Most OPEC producers, many of which are in the MENA region, have been more resilient to the pandemic’s impact than expected – especially compared to their non-OPEC counterparts such as the United States (-49 billion barrels) and Russia (-31 billion barrels), noted Rystad Energy.

“Non-OPEC countries account for the lion’s share of ‘lost’ recoverable resources with more than 260 billion barrels of undiscovered oil now more likely to be left untouched, especially in remote exploratory areas,” Head of Analysis Per Magnus Nysveen said. 

Oil-reliant MENA in the spotlight

The situation will create challenges for the MENA region, where the oil and gas sector is the most important in many economies. The region now faces the dual shock of having to deal with the coronavirus pandemic and the recent collapse in oil prices.

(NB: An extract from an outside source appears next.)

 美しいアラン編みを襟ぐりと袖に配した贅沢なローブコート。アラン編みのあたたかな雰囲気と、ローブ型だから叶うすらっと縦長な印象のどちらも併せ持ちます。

According to the World Bank, the two shocks of COVID-19 and the oil price collapse are intertwined, yet distinct. “On one hand, the demand component of the oil shock is linked to the sharp reduction in oil consumption stemming from precautionary measures to stop the spread of the virus, including lockdowns, which have brought economies around the world to a standstill,” it noted. 

“Once the spread of the virus is stopped, the preventive measures at the root of the economic recession will be rolled back. The speed of that recovery will depend on how swiftly and decisively governments take measures to mitigate the economic and financial dislocations from the health crisis. But the supply component of the oil shock is likely to be persistent and drive oil prices lower for longer. The two shocks differ in their duration but also their likely potential consequences and associated risks of inaction,” the organisation added.

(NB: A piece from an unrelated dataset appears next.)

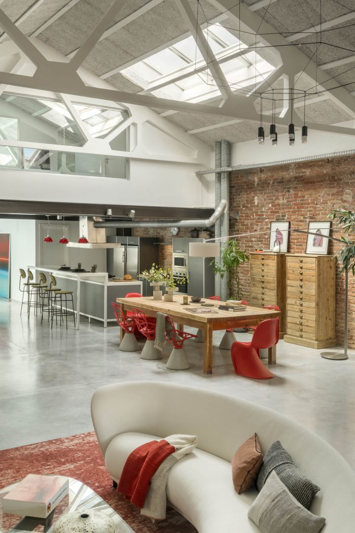 The original industrial style kitchen was preserved, incorporating it into the new design and integrating it with the colour range of the rest of the loft. Stools and the iconic Campari lamps by Ingo Maurer were included, thus giving the red note that is repeated in some spaces. Very special pieces with a lot of character were placed in the dining room, matching the modern style and providing a note of contemporary design. This combination allowed to obtain fluidity, finding the perfect balance between comfort, design and warmth.
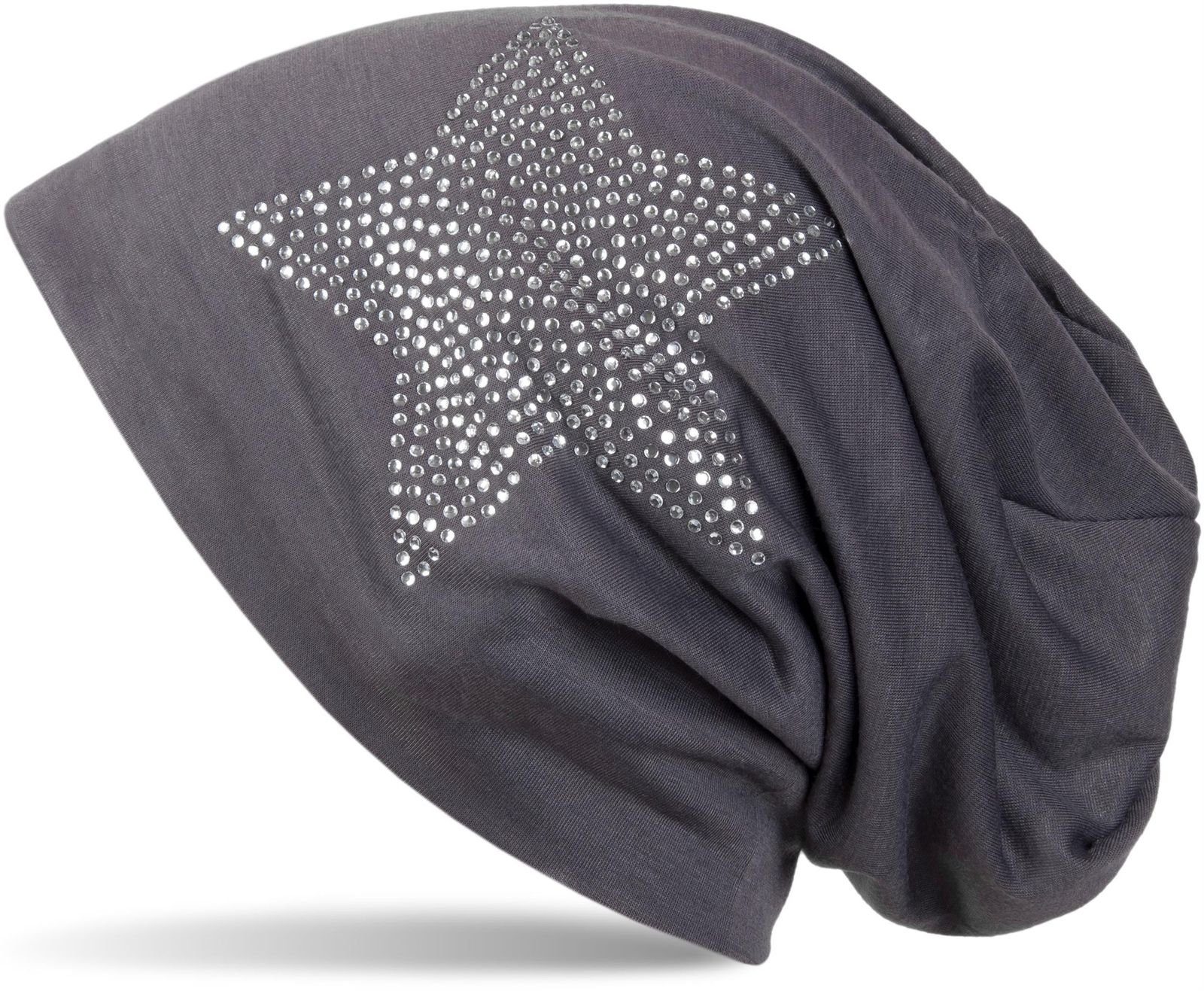 styleBREAKER leichte Beanie Mütze mit Stern Strass Applikation, Mütze mit Glitzerstern.

The World Bank also notes that in MENA it is likely that “lower oil prices will hurt both importers and exporters - exporters directly and importers indirectly from reduced foreign direct investment, remittances, tourism, and grants from exporters. Some countries, such as those in the Gulf Cooperation Council, still have buffers and should use them. Other oil-exporting countries, such as Algeria and Iran, are exhausting their buffers and will have to rely on flexible exchange rates to manage the current situation and conduct much needed reforms in private-sector development and broader economic transformation.” 

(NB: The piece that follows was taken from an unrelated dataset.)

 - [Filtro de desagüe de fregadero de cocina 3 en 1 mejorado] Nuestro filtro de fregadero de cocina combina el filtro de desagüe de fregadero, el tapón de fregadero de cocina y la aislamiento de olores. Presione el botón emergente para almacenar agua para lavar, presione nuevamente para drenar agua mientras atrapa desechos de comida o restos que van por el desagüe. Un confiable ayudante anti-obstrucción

It’s clear that the pandemic will not only impact oil markets, but increase unemployment and poverty, widen public deficits, lead to numerous personal and corporate bankruptcies, and have a lasting negative impact on Middle Eastern economies and societies. In MENA, despite diversification efforts, oil is not just a commodity, it is the life of the economy. 

Going forward, when considering investments in energy stocks, market players should pay close attention to any developments linked to the pandemic. Signs of a resurgence or a significant second wave of infection would put a dampener of any sector recovery, while positive news on a vaccine against COVID-19, meanwhile, would certainly help the ailing tourism and travel industry. It is also important to pay very close and constant attention to oil market statistics – not just demand, but inventories, supply levels and any OPEC or major player action. Like in any crisis, there are opportunities. 

Oil stocks have taken a battering since the pandemic caused havoc around the world - with cheap valuations around, there may bargains to find. On the other hand, investors may want to tackle this issue in a totally different way and consider alternative energy stocks, and renewables in particular, with the IEA expecting investments in the latter to reach around US$10 trillion by 2040.